All endpoints require Bearer token authentication via an API key.

:::info SDK-internal If you are using the Zeridion.Flare NuGet SDK, the FlareWorkerService background service calls these endpoints automatically. You only need this reference if you are building a custom worker in another language or runtime. :::


Worker ID constraints

A worker_id uniquely identifies a single worker process.

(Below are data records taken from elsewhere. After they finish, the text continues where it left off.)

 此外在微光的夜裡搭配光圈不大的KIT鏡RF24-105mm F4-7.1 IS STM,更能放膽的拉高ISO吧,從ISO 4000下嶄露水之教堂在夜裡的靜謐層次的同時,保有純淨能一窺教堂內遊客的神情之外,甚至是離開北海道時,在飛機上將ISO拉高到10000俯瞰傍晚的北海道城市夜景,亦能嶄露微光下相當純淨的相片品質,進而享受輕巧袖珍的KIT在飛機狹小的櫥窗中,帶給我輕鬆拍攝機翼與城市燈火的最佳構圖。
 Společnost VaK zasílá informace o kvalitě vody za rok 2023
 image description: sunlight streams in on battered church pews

The SDK generates them automatically using the format:

wrk_{hostname}_{pid}_{random8}

For example: wrk_prod-host-01_12345_a1b2c3d4

Rules for custom worker IDs:

  • Must be a non-empty string.
  • Maximum 100 characters (DB column constraint).
  • Should be stable across reconnects within the same process lifetime; use a new ID when the process restarts.

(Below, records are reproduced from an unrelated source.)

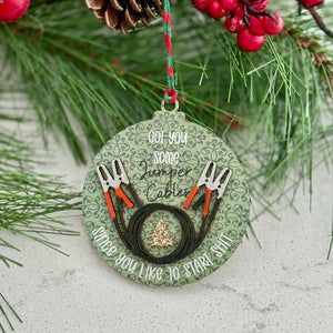 Add a spark of humour to your holiday tree with this quirky jumper cable Christmas ornament. Featuring a festive green background, detailed mini jumper cables, and the playful phrase “Got you some jumper cables since you like to start sht”*, this piece is sure to bring laughter and personality to your holiday décor.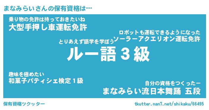 | ファンタジー風あだ名 | 『マナフェル』『エターナルマナミライー』 |
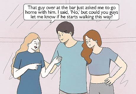 Tell your friends about the unwanted attention. Your friends can help you monitor the situation and avoid interacting with the person again. They can also help you in the event that the person decides to harass you. Say, “That guy over at the bar just asked me to go home with him. I said, 'No,' but could you guys let me know if he starts walking this way?”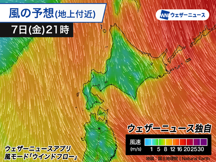 北海道では等圧線が混み合い沿岸部を中心に北寄りの風が強く吹いています。札幌市中心部でも、15時頃に最大瞬間風速23.6m/sを観測しました。

POST /flare/v1/workers/register

Announce a worker to the server and declare which queues and job types it handles. Call this once at startup, before the first poll. If recurring_schedules are provided, the server upserts them as recurring job definitions.

Request

POST /flare/v1/workers/register
Authorization: Bearer <api_key>
Content-Type: application/json

Body

FieldTypeRequiredDescription
worker_idstringYesUnique identifier for this worker process.
queuesarray of stringsYesQueues this worker will poll. At least one entry required.
job_typesarray of stringsYesJob type names this worker can execute.
hostnamestringNoMachine hostname, used for observability in the dashboard.
sdk_versionstringNoSDK version string, used for compatibility tracking.
recurring_schedulesarrayNoRecurring job schedules to upsert on the server. See below.

recurring_schedules item

FieldTypeRequiredDescription
job_typestringYesJob type name, used as the recurring job ID prefix (rjob_{job_type}).
cron_expressionstringYesCron expression. Accepts the standard 5-field format or the 6-field format with an optional seconds field (parsed by the Cronos library — see its format spec for the full grammar).
queuestringNoQueue to enqueue into. Defaults to "default".
timezonestringNoIANA timezone for cron evaluation. Defaults to UTC.
max_attemptsintegerNoOverride max attempts for enqueued jobs.
timeout_secondsintegerNoOverride timeout for enqueued jobs.

Example

{
"worker_id": "wrk_prod-host-01_12345_a1b2c3d4",
"queues": ["default", "email"],
"job_types": ["email.send", "report.generate"],
"hostname": "prod-host-01",
"sdk_version": "0.1.0-beta.1",
"recurring_schedules": [
{
"job_type": "report.generate",
"cron_expression": "0 3 * * *",
"queue": "default",
"timezone": "America/New_York"
}
]
}

Response

200 OK

{ "status": "registered" }

Errors

StatusCodeCondition
400invalid_requestValidation failed (missing worker_id, empty queues, etc.)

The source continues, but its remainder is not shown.